Stephen Covey is credited as the inventor/promoter/formulator of the Eisenhower Principle. If the name sounds familiar, you may probably know him from one of his most famous book, The 7 Habits of Highly Effective People. According to the Eisenhower Method, every job or task can be categorised under 4 types.
1. Important and Urgent (Do Now)
This is a double whammy. Some tasks cannot be escaped—things with deadlines, or immediate negative repercussion if ignored. As soon as the clock starts ticking, it’s crunch time. Remember, if you hesitate now, this could trigger a domino effect and leave your schedule in ruins. It’s like choosing the right outfit on a first date; the longer you take, the lesser time you get to actually create an impression. And, nobody likes a late first date. “What do we say to the God of Procrastination? Maybe later.” - Unknown Source On the bright side, getting these tasks out of the way first frees up a lot of time. Some of the tasks in this quadrant might even give you an endorphin rush once completed. You can successfully keep the feeling of impending doom at bay, and take a breather before going into the next quadrant of tasks.
2.Important and Not Urgent (Do Later)
The tasks in this quadrant cannot be rushed. “Well begin is half done” doesn’t apply here. “I’ll do it later” might sound like procrastination, yet it’s not always the case. These are hygiene activities with a long-sighted goal. Updating the CRM, looking up cold calling scripts and email templates, reading newsletters, and so on. These are big picture items which definitely help you stay on top of things, and be the best version of yourself.
3. Not Important and Urgent (Delegate or Automate)
This quadrant serves as the glitch in the matrix. It’s often difficult to separate the urgent from the important. In such cases, the question to ask is “Can this be done by someone or something else?”
4. Not important and Not Urgent (Delete)
It’s completely valid to wonder why this quadrant even exists. Maybe it’s aesthetics, maybe it’s Maybelline. Breaks, breathers, rest, and relaxation fit into this square. A video you paused, the texts piling up on your phone, that celebrity you stalk—you get the drift.
Chronology by Priority
This matrix is driven by consequence—“What happens if this task doesn’t get done?” Constantly asking this question about each task makes it easier to place into each quadrant.

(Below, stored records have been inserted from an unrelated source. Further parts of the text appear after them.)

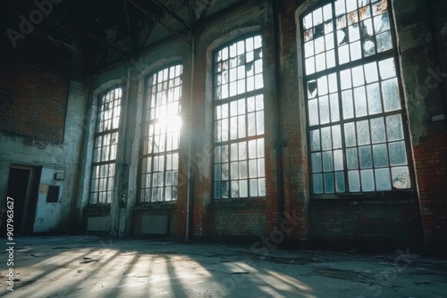 Abandoned factory interior urban exploration, with copy space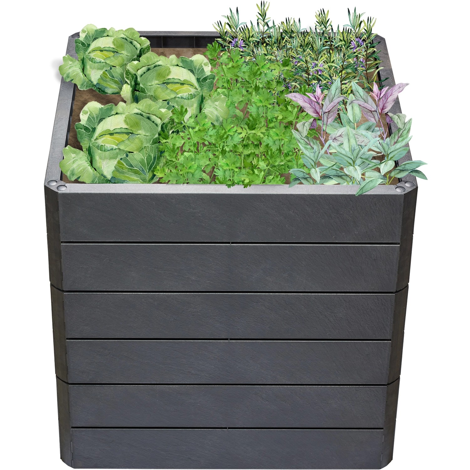 Das Ergo Quadro Hochbeet-System ist ein modular konzipiertes Hochbeet und ermöglicht Ihnen den Aufbau eines an Ihre Bedürfnisse und Platzverhältnisse angepasstes Hochbeet. Es ergeben sich vielfältige Gestaltungsmöglichkeiten durch die platzsparende und kompakte Ausführung. Eine der beliebtesten Lösungen, kleinräumige Flächen effektiv zur gärtnerischen Nutzung umzufunktionieren. Das Ergo Quadro Hochbeet überzeugt ebenfalls als Blickfang in Ihrem Garten durch die dekorative Oberfläche in 3D-Steinoptik mit originalgetreuer Schieferstruktur, moderner Farbgebung, Langlebigkeit und UV-Stabilität. Alle Hochbeete werden aus Recyclingkunststoff hergestellt und sind zu 100 % recycelbar. Im Gegensatz zu Hochbeeten aus anderen Materialien muss das Ergo Quadro Hochbeet nicht gestrichen oder innen mit teurer Folie ausgelegt werden.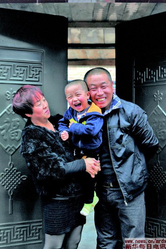 马爱威(右)和妻子宋瑞风及儿子在家门口合影(2017年10月17日摄)。
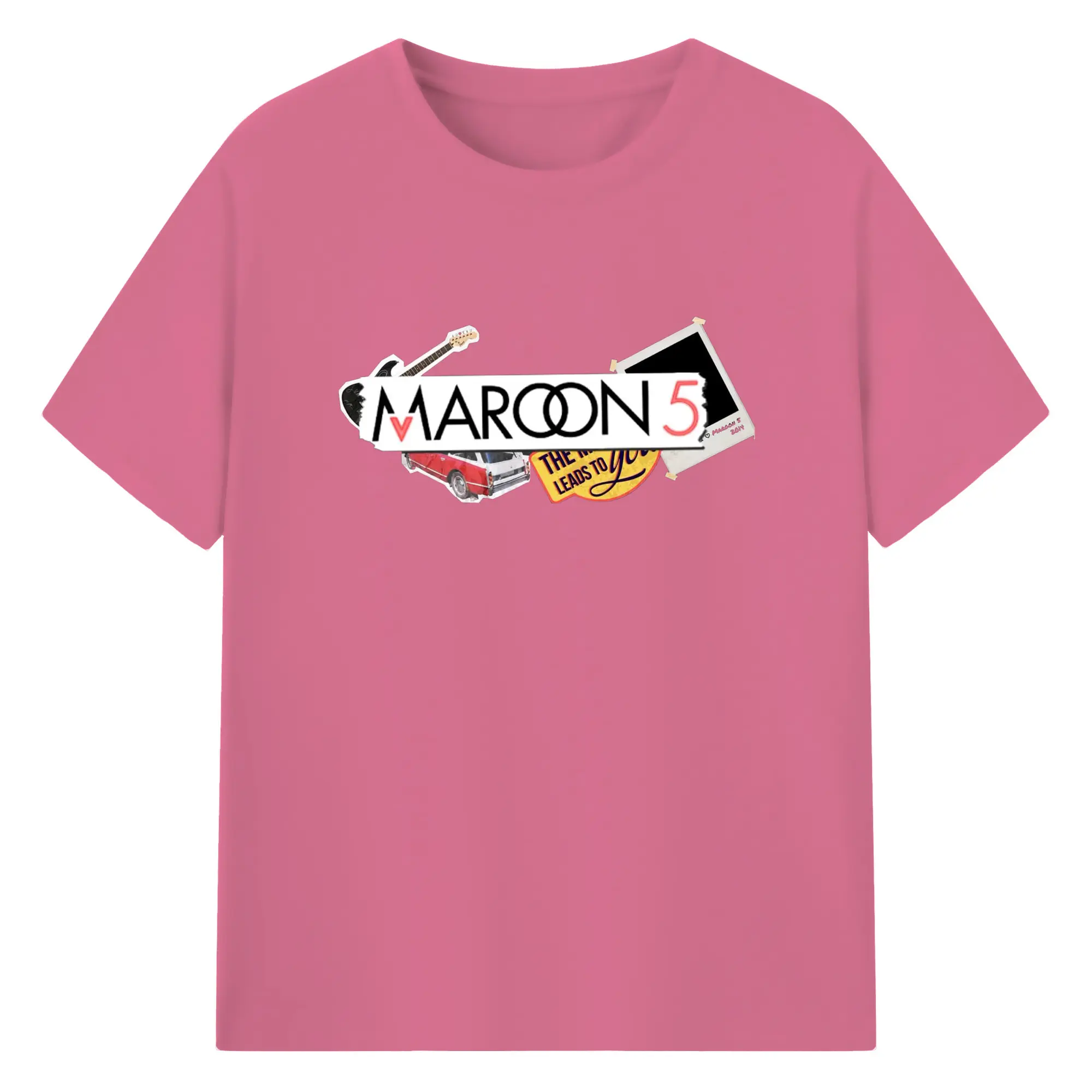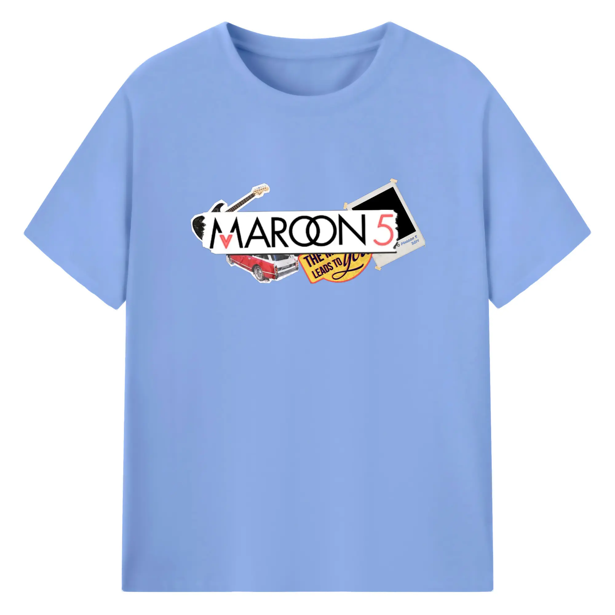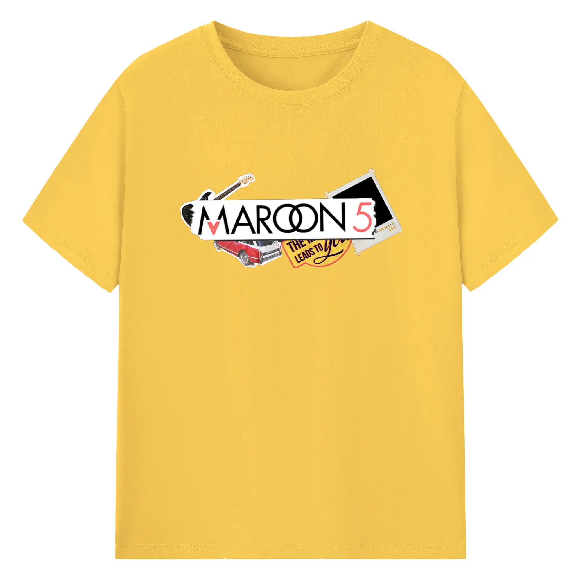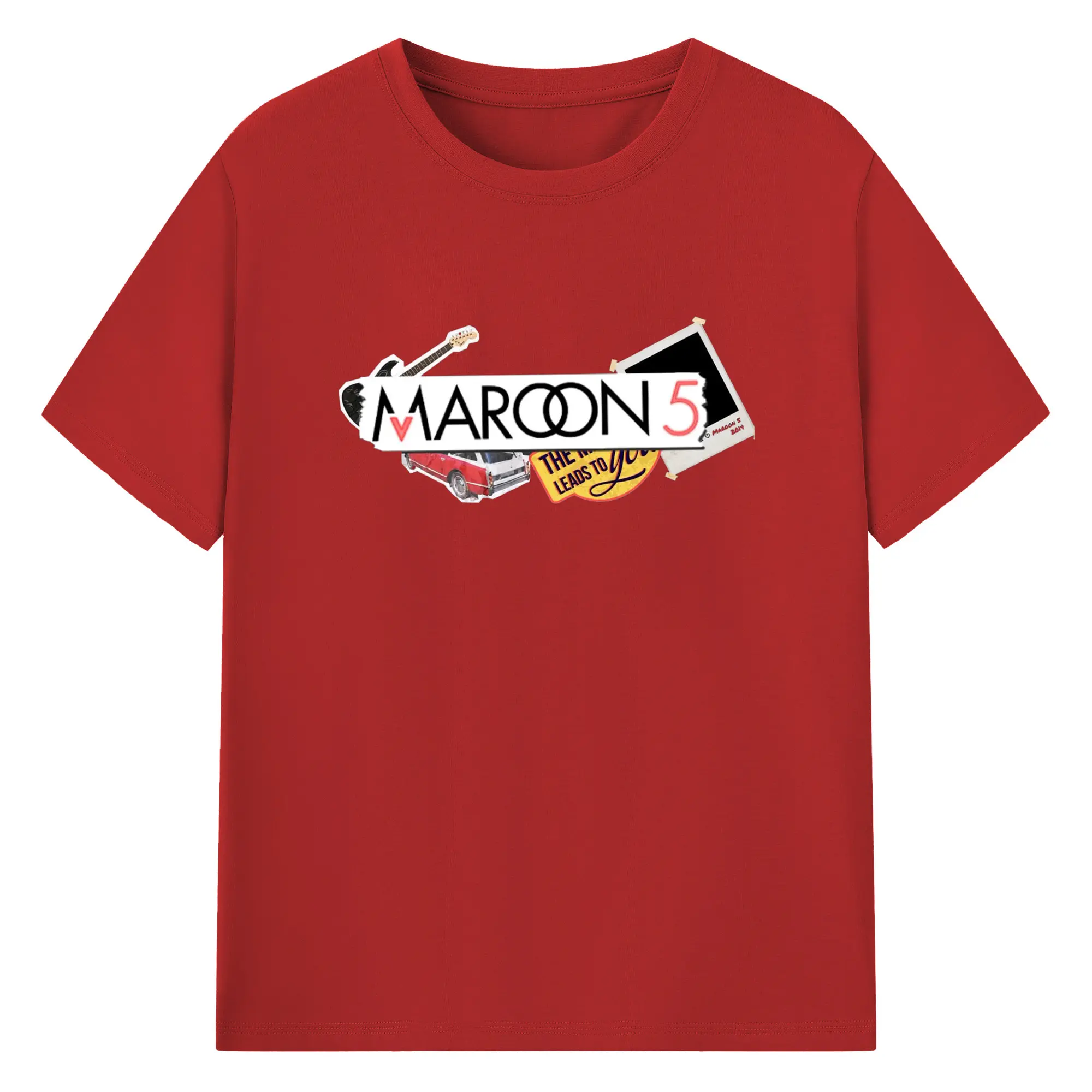 Maroon 5 Vintage Collage Pop Rock DIY - 180g Cotton T-Shirt With Front Heat Transfer Print – Soft, Lightweight, Fitted Design – Comfortable Casual Wear For Sports & Everyday Use

Some tasks may require attention immediately, while some others could be done later. There might even be tasks you could get someone else to do. And when the mist clears, you’ll find out there were some things on your list that didn’t have to be done in the first place.
The Eisenhower Matrix works by identifying different types of tasks, and putting them into those specific boxes to enable a linear workflow. If the tasks aren’t executed according to the quadrant, they will all eventually land in the Urgent and Important square. So, follow the Eisenhower way, and keep chaos at bay!
The Flip Side
• The Zero Step
The first step of sorting activities and tasks before getting started is the most time consuming part of the Eisenhower Matrix. If you have many tasks, it can quickly get overwhelming, pushing you to quit before you even begin.
• Delegation Debacle
The Eisenhower Matrix does not take into consideration the nature of each task, the difficulty or complexity, or the resources required to execute the task. Despite having room for delegation, the time taken to supervise and follow up to make sure the person responsible sticks with the program isn't accounted for. This may lead to micro-management, and strained relationships in the workplace.
• No Breaks
Unlike the Pomodoro Technique, the Eisenhower Matrix does not account for breaks. Instead, it suggests the user must put recreational activities in the Delete section. While "less breaks means more time” may seem logical, it is simply not practical.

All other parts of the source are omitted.